Most of what we do is either recommendation or search, and so that kind of use case is not the usual one that the people mention when they do the monitoring. Maybe they mention the loan prediction problem or NLP, but most of our company actually does information retrieval. So it deals with pseudo feedback, and it has a different constraint than most of these.

When we have an answer, we’ll probably publish a blog post or another open-source repo to tell you what we think. But for now, the monitoring space is a very work-in-progress area also for us.

Scaling and improving the MLOps workflow

Stephen: If you’re starting our reasonable scale, MLOps, within that thin slides and then start doing things on top of that. How do you determine when something should just be a bash script that you automate over something very complex picked off the shelf, a SaaS platform?

Jacopo: For me, very pragmatically, everything that works is fine. The guy used to say perfection is achieved not when there is nothing more to add but when there is nothing less to take away. The fewer moving pieces you will have, the more robust your system will be. That’s for sure. There’s no need to get an entirely new piece of infrastructure if you can just run three lines of Python to solve your problem.

I typically find that if you get the functional component of your work right, let’s say, data, cleaning, training, tracking, deployment, etc. If you get them right inside of these boxes, some of these things may be super easy at first, maybe a small script, three lines of patterns, whatever, but it leaves you an opportunity to grow in the future when these three lines of Python won’t do anymore.

Start with the bash script or whatever you do for one use case, but always put that script or that line of Python into a pipeline that grows. People are not slowed down typically by what’s in a box, people are slowed down by how the boxes are connected together. That’s why I’m saying the first, figure out how the boxes are connected, and then go into each of these boxes (if you want, if you need) to make them better.

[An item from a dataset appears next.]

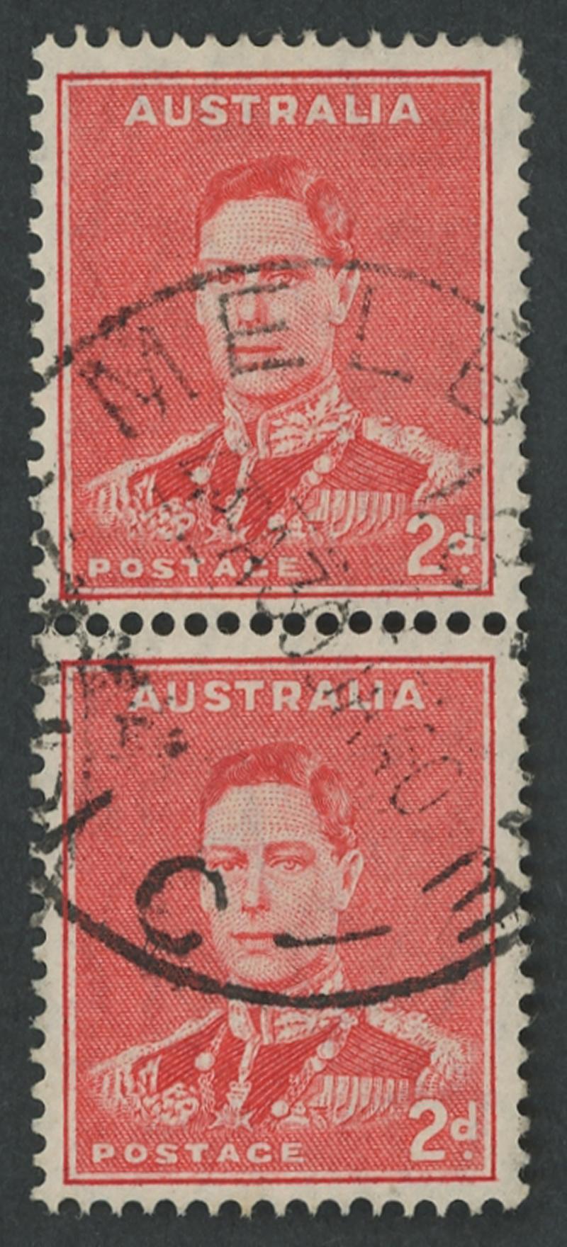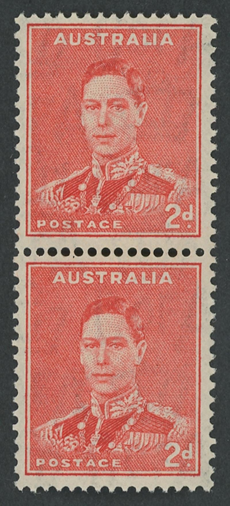 1937-49 Definitives Perf 15x14 KGVI 2d scarlet Die II Coil Perforation (Large & Small Holes) Vertical Pair ACSC 188bl (SG 184a),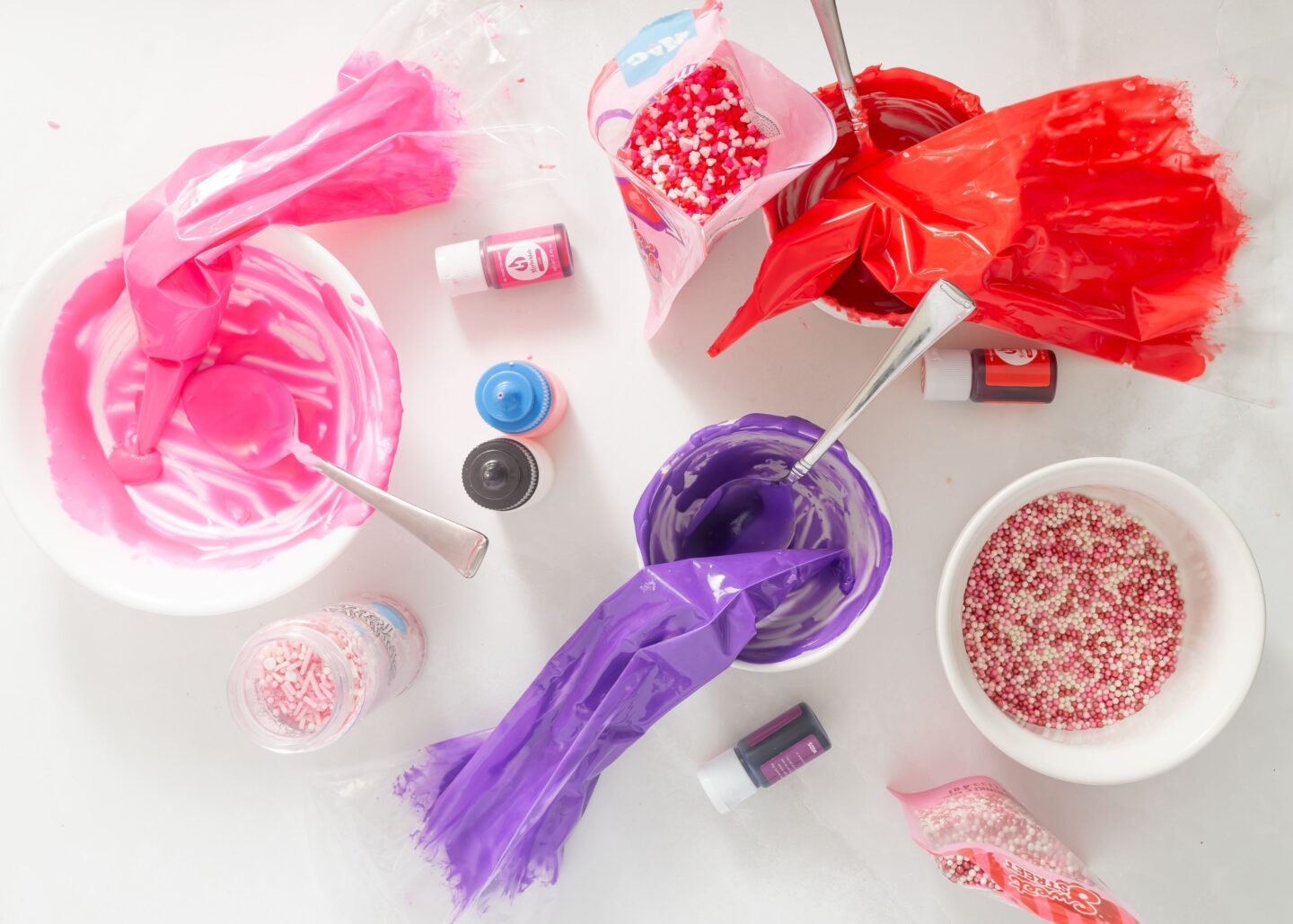 - Divide the icing into separate bowls for coloring and tint with gel food coloring, mixing thoroughly.

Stephen: I also have a question about scaling your stack. For example, if I have a use case where I’ve built one vision model, and I’m serving maybe a couple of handful of requests a day. But I know for sure that the models are going to scale definitely. I’m going to be building models to solve different problems, like 20 models in one year. Those probably will be serving millions of requests.

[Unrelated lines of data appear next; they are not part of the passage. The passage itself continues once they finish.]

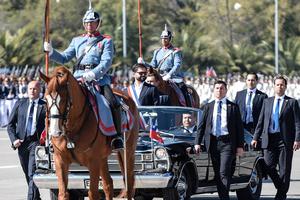 (250919) -- SANTIAGO, 19 septiembre, 2025 (Xinhua) -- El presidente chileno, Gabriel Boric (c), asiste a la Gran Parada Militar en conmemoración del Día de las Glorias del Ejército, en Santiago, capital de Chile, el 19 de septiembre de 2025. (Xinhua/Jorge Villegas) (jv) (rtg) (ra) (vf)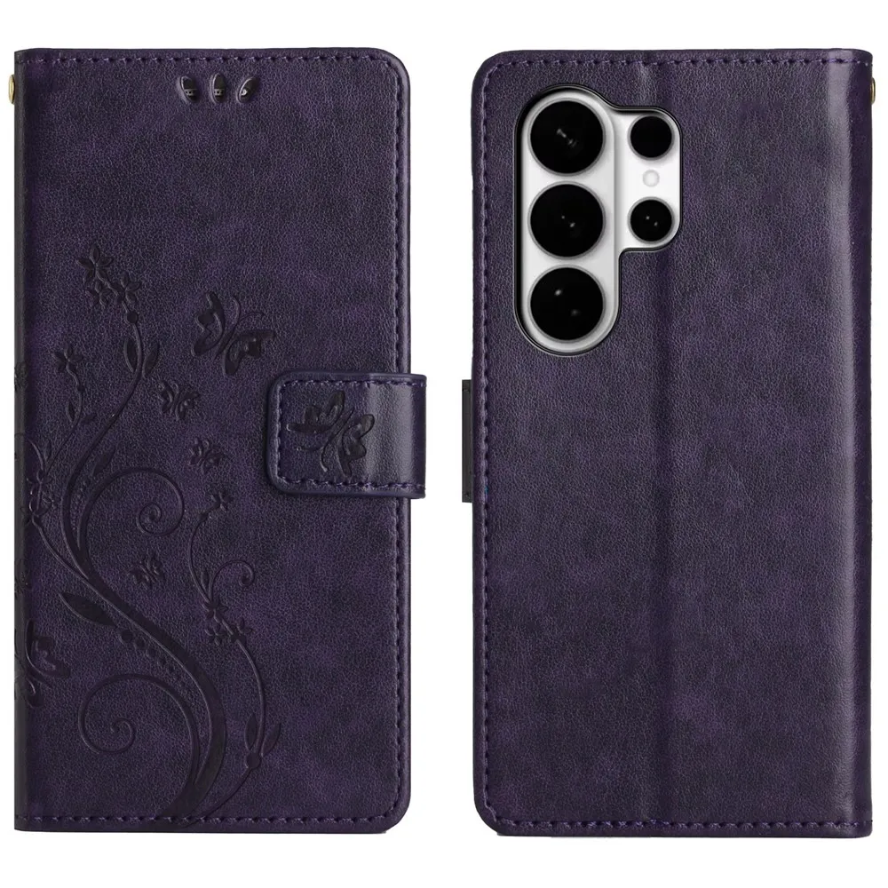 Tmavofialové peňaženkové puzdro Flowers na Samsung Galaxy S26 Ultra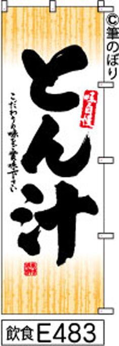 【とん汁】のぼり旗|送料無料 目立つ手書き筆文字[e483]白地に薄茶和模様黒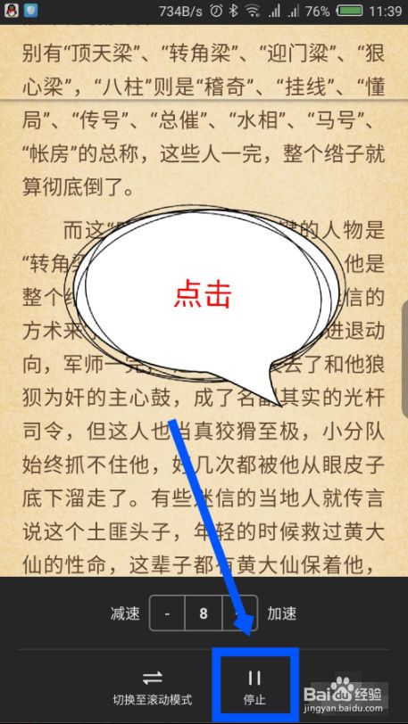 如果想退出自动阅读模式,点击右下角的停止,就会退出自动阅读。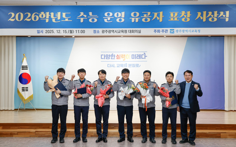 이정선 교육감은 이날 시상식에서 수능 운영 유공 경찰관 6명, 구급대원 6명 등 12명에게 표창을 수여하고, 광주광역시 모범운전자회에 감사패를 전달했다.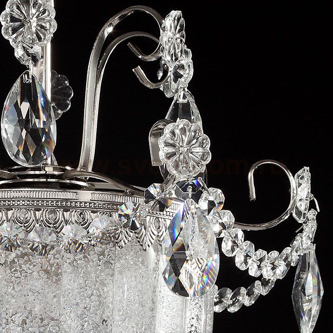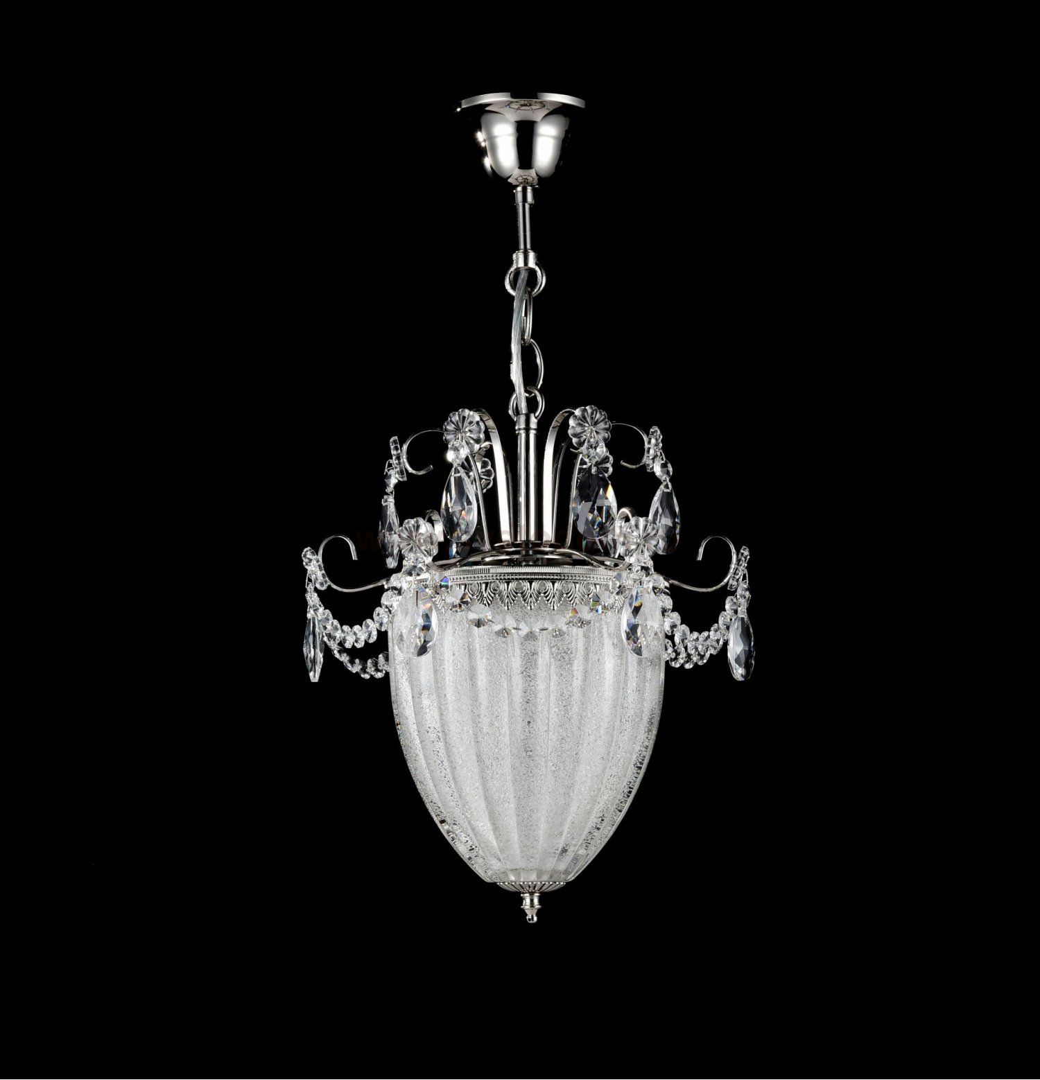 Особенности модели DIA299-11-N: В серии представлена игривая интерпретация классических подвесных светильников, искусно украшенных различным декором. Цветы и капли из кристаллов сплелись воедино и кружатся вокруг центрального плафона из массивного ребристого стекла. Стеклянная крошка, нанесенная с обратной стороны плафона, создает эффект "заморозки". Арматура сделана из хромированного металла. Высота подвесов регулируется длиной цепи.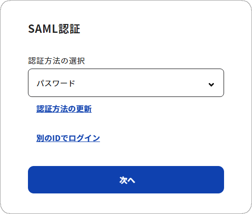 - 認証方法を選べる場合は[認証方法の選択]が表示されます。任意の認証方法を選び、[次へ]を選択してください。

How do I think about going from zero to a reasonable scale and not breaking things along the way? Not breaking my bash scripts or stuff like that, that I’ve built?

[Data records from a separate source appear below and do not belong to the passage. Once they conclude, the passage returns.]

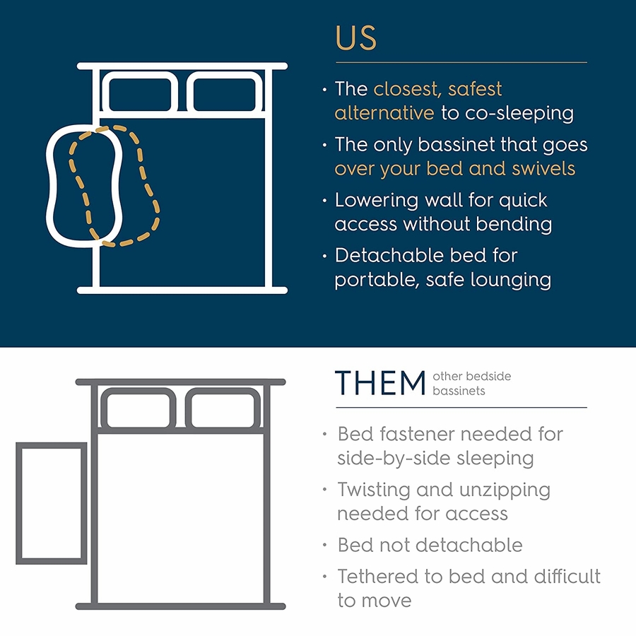 As experts in safer sleep, we upgraded our best-selling BassiNest with the all-new BassiNest Swivel Sleeper 3.0. The only bassinet that swivels 360° is now a 2-in-1 system that transforms from bedside sleeper to portable nest, becoming a safe lounger and nap space for around the house. Sleep next to your little at night and stay close to them throughout the day.
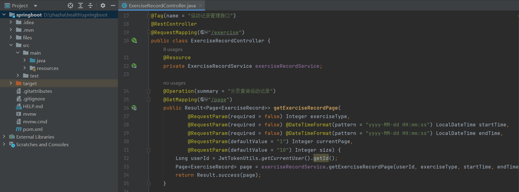 Page page = exerciseRecordService.getExerciseRecordPage(userId, exerciseType, startTime,
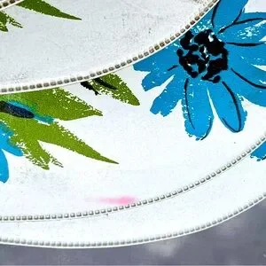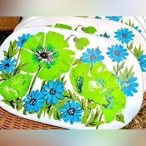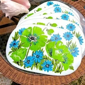 A rare set of six of these vintage 1970s placemats feature blue and apple green florals with a apple green backing.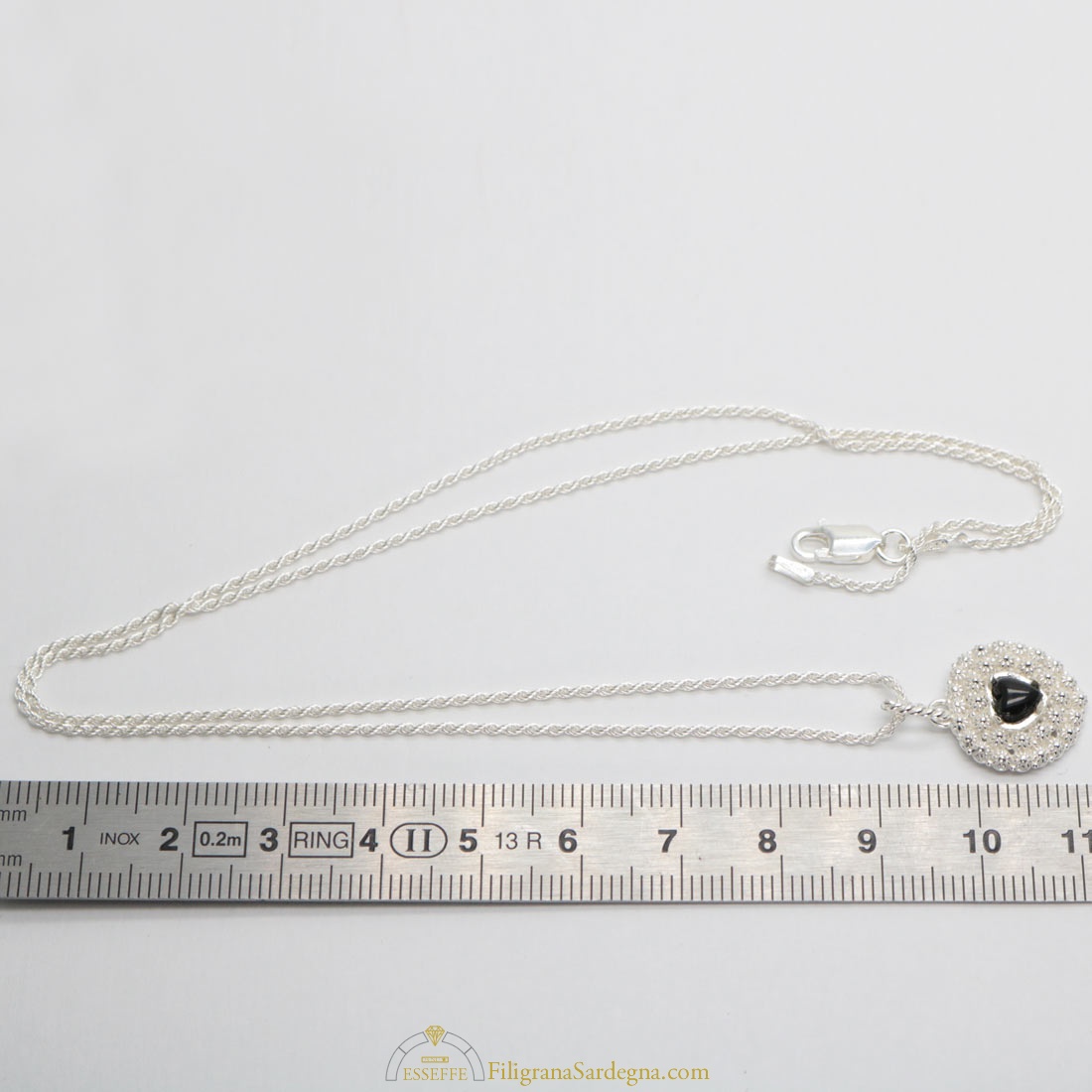 Categoria: ciondolo filigrana Lega: argento 925 Lavorazione: filigrana Lunghezza collana: 40 cm o 45 cm Diametro pintadera: 1,9 cm

Jacopo: If your concern here is future scalability, meaning that we’re starting with a small dataset, small feedback, small serving, and we can increase that over time. This is an important point, the increase may not be uniform.

Maybe the training data stay pretty much the same, but now you’re serving a billion users because your model is way more successful.
Or maybe everything is scaled up.
Maybe it’s information retrieval, so what you’re actually ingesting is feedback data, and so also your training data is going to go up because you’re serving is being successful.

Maybe it’s slightly correlated, but it also may be completely independent. So it’s important that your pipeline is able to sustain this independent scaling.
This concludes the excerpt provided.